Komponen tarif angkutan multimoda terdiri atas tarif angkutan masing-masing moda yang digunakan serta
tarif jasa lainnya sesuai dengan jenis jasa yang diberikan oleh badan usaha angkutan multimoda. Jenis,
struktur, dan golongan tarif masing-masing moda ditetapkan sesuai dengan ketentuan peraturan
perundang-undangan. Menurut Council of Logistic Management (Ballou, 1992) logistik didefinisikan
sebagai proses perencanaan, implementasi, dan pengendalian efisiensi, aliran biaya yang efektif dan
penyimpanan bahan mentah, bahan setengah jadi, barang jadi dan informasiinformasi yan berhubungan
dari asal titik konsumsi dengan tujuan memenuhi kebutuhan konsumen. Selain itu, Christopher (1992)
mendefinisikan logistik sebagai suatu proses strategis dalam pengelolaan mulai dari pengadaan barang,
perpindahan barang hingga penyimpanan barang, bahan baku dan produk jadi (yang di dalamnya terkait
pula aliran informasi) pada perusahaan dan koneksi pemasaran untuk kepentingan mendapatkan
keuntungan secara maksimal dengan biaya yang efisien dan dalam rangka pemenuhan kebutuhan
konsumen. Berdasarkan hasil survey Indeks Kinerja Logistik (Logistic Performance Index/LPI) oleh Bank
Dunia tahun 2007, Indonesia menduduki peringkat ke-43 dari 150 negara yang disurvei dan pada tahun
2010 posisi Indonesia terus merosot ke peringkat 75 di antara 155 negara yang disurvei dan berada di
bawah kinerja beberapa Negara ASEAN lainnya seperti Singapura (urutan kedua), Malaysia (urutan ke-29),
dan Thailand (Urutan ke-35). LPI yang diterbitkan oleh Bank Dunia menggunakan enam indikator penilaian,
yaitu kepabeanan, infrastruktur, kemudahan mengatur pengapalan internasional, kompetensi logistik dari
pelaku penyedia jasa local, biaya logistik dalam negeri, serta waktu pengiriman. Menurut Mulyadi (2011),
rendahnya kinerja sektor logistik di Indonesia disebabkan oleh beberapa faktor, yaitu tingginya biaya
logistik, masih rendahnya pelayanan, hambatan operasional di pelabuhan, serta keterbatasan kapasitas
dan jaringan pelayanan penyedia jasa logistik nasional. Hal tersebut merupakan penyebab berbagai
permasalahan nasional seperti fluktuasi harga, hambatan ekspor, kesenjangan penawaran, permintaan
antar daerah, sampai lambatnya distribusi bantuan pada bencana alam. Akibat dari lanjutan permasalahan
tersebut, masyarakat harus membayar biaya yang tinggi karena biaya logistik dalam negeri kurang mampu
bersaing dalam perdagangan bebas antar Negara. Namun, permasalahan tingginya biaya logistik di
Indonesia tidak hanya disebabkan oleh tingginya biaya transportasi darat dan laut tetapi juga oleh banyak
faktor baik yang terkait dengan regulasi, SDM (Sumber Daya Manusia), proses dan infrastruktur yang tidak
efisien, dan kurangnya profesionalitas pelaku dan penyedia jasa logistik lokal. Penentuan harga pengiriman
dari perusahaan jasa multimoda satu dengan lainnya akan berbeda-beda meskipun tidak terlalu signifikan.
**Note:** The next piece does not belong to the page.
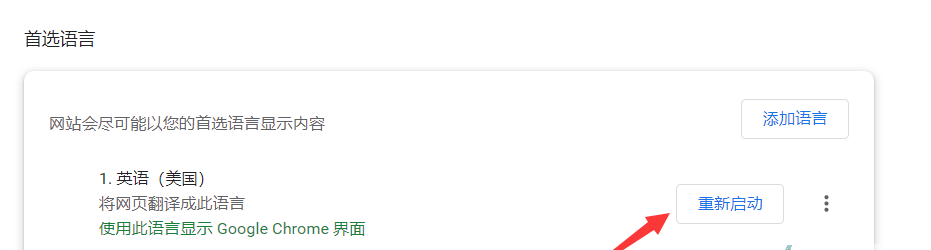 5、再点击英语(美国)后方的三个点按钮,勾选【以这种语言显示Google Chrome】;
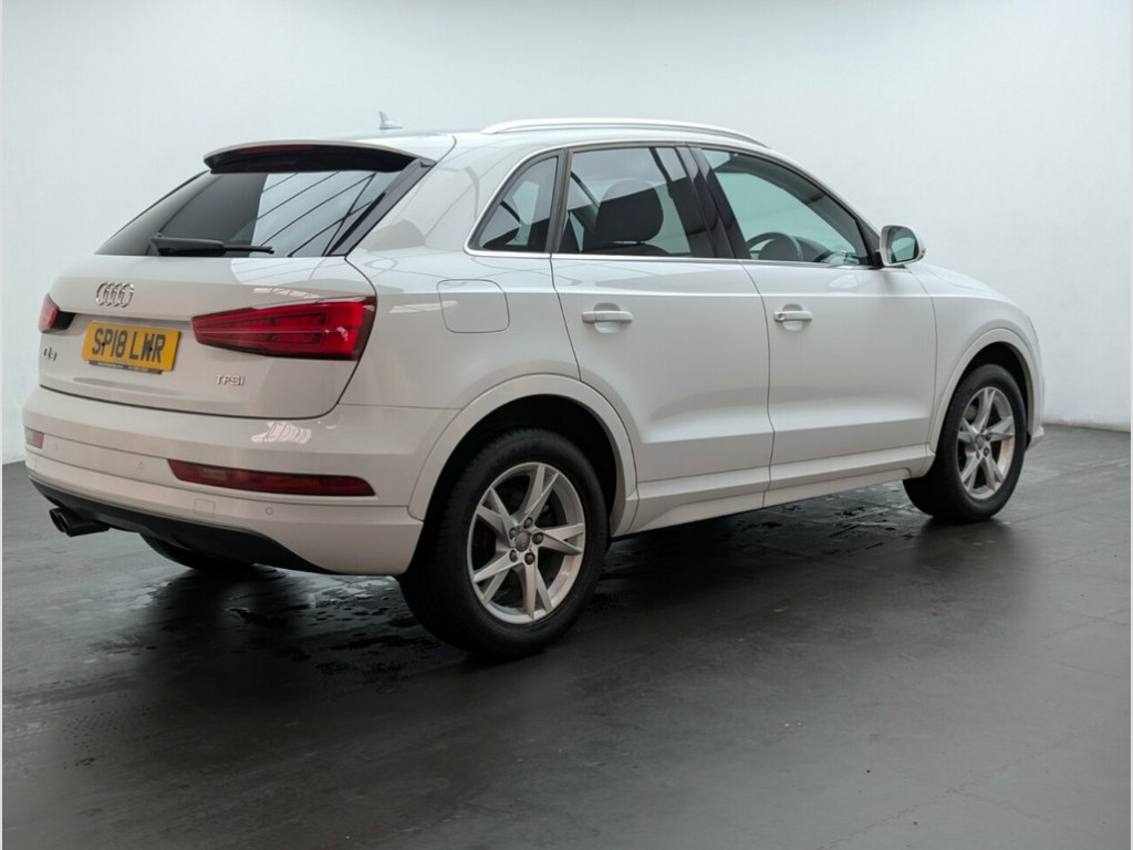 Stunning Audi Q3 in White with SAT NAV - Cruise Control - Privacy Glass - Customised Paint - Door Mirrors - Heated-Electrically Adjustable-Folding-Auto-Dimming Drivers - Bluetooth - DAB Radio 4 services - last service done at 42842 miles on 26/11/2021. This 2018 Audi Q3 TFSI Sport is a superb example of a well maintained compact SUV. Finished in the popular Sport trim, this model boasts a responsive 1.4 litre petrol engine, meeting the Euro 6 emission standards. Its efficient design contributes to an impressive fuel economy of 51 miles per gallon, making it a cost effective choice for everyday driving. The Audi Q3 TFSI Sport offers a compelling blend of performance and economy. Its low CO2 emissions are a testament to its modern engineering, and with an acceleration of 0 to 60 miles per hour in just 9.2 seconds, it provides a capable and enjoyable driving experience. These highlights demonstrate how this particular Q3 stands out from others in its class, offering a refined and efficient package for discerning drivers. 17in Alloy Wheels - 7J 5-Spoke Y Design, 4-Way Electric Lumbar Support for Front , 6.5in Colour Display Screen, 8 Passive Speakers, Aluminium Roof Rails, Aluminium Window Trims, AMI - Audi Music Interface, Anti Theft Locking Wheel Bolts, Anti-Theft Alarm, Audi Drive Select, Auto-Dimming Rear-View Mirror, Bluetooth Interface, Body Coloured Door Mirrors, Chrome-plated Tailpipe Trims, Cloth Headlining, Concert Radio, Cruise Control, Customised Paint, DAB Digital Radio, Door Mirrors - Electrically Adjustable a, Door Mirrors - Heated-Electrically Adjus, Door Sills with Aluminium Inlays, Driver - Front Passenger - Front Side an, Drivers Information System - DIS - 3.5in, Dual-Zone Electronic Climat

Setiap perusahaan akan mengeluarkan biaya yang berbeda-beda. Mulyadi (2011) menjelaskan bahwa,
perbedaan pengeluaran biaya pada setiap perusahaan disebabkan karena adanya perbedaan terhadap luas
cakupan pengiriman, jumlah unit akomodasi yang dimiliki oleh perusahaan, volume pengiriman pada
setiap akomodasi, jumlah sumber daya manusia yang bekerja pada perusahaan, serta waktu pelayanan.
Sehingga hal tersebut dapat mempengaruhi kapasitas pelayanan yang diberikan oleh perusahaan. Salah
satu perusahaan yang bergerak di bidang logistik di dalam negeri adalah PT. APL Logistic. PT. APL Logistic
melakukan pengiriman di hampir seluruh wilayah di Indonesia, diantaranya pulau Jawa, Sumatera,
Kalimantan, Sulawesi, dan Bali. PT. APL Logistic memiliki tiga distribution center yang terletak di pulau Jawa
yaitu Surabaya, Semarang, dan Jakarta, dengan konsumen utama berdasarkan kontrak yang masih berjalan
hingga saat ini adalah P&G. Pihak perusahaan memiliki kebijakan bahwa semua order yang diterima harus
ditangani dengan baik, tanpa adanya keterlambatan kedatangan, dengan barang yang dikirim masih dalam
keadaan baik. Banyaknya pesaing logistik saat ini menyebabkan perusahaan perlu meningkatkan kinerjanya
untuk tetap dapat dipercaya oleh konsumen. Pesaing tersebut diantaranya Kamadjaja Logistik, DHL, FedEx,
dll. Dimana perusahaan pesaing tersebut lebih terlihat kinerjanya baik, memiliki jaringan yang cukup besar,
dan lebih memiliki banyak konsumen. Akibat dari persaingan yang ada saat ini, perusahaan perlu
memikirkan bagaimana caranya meningkatkan kualitas pelayanan namun tetap dapat meminimalkan biaya
yang terjadi. Maka dalam hal ini peneliti akan melakukan identifikasi faktor-faktor apa saja yang dapat
mempengaruhi kinerja perusahaan diantaranya waktu pengiriman, biaya yang dikeluarkan oleh
perusahaan, estimasi waktu kegiatan yang efisien. Diharapkan peneliti dapat memberikan perbaikan atau
rekomendasi yang tepat terhadap perusahaan dengan metode yang tepat. Kondisi perusahaan saat ini
masih menerapkan tarif standar yang telah ditetapkan oleh direksi dengan mempertimbangkan faktor
jarak tempuh pengiriman, waktu pengiriman, sifat khusus dari barang, berat barang, dan ukuran barang.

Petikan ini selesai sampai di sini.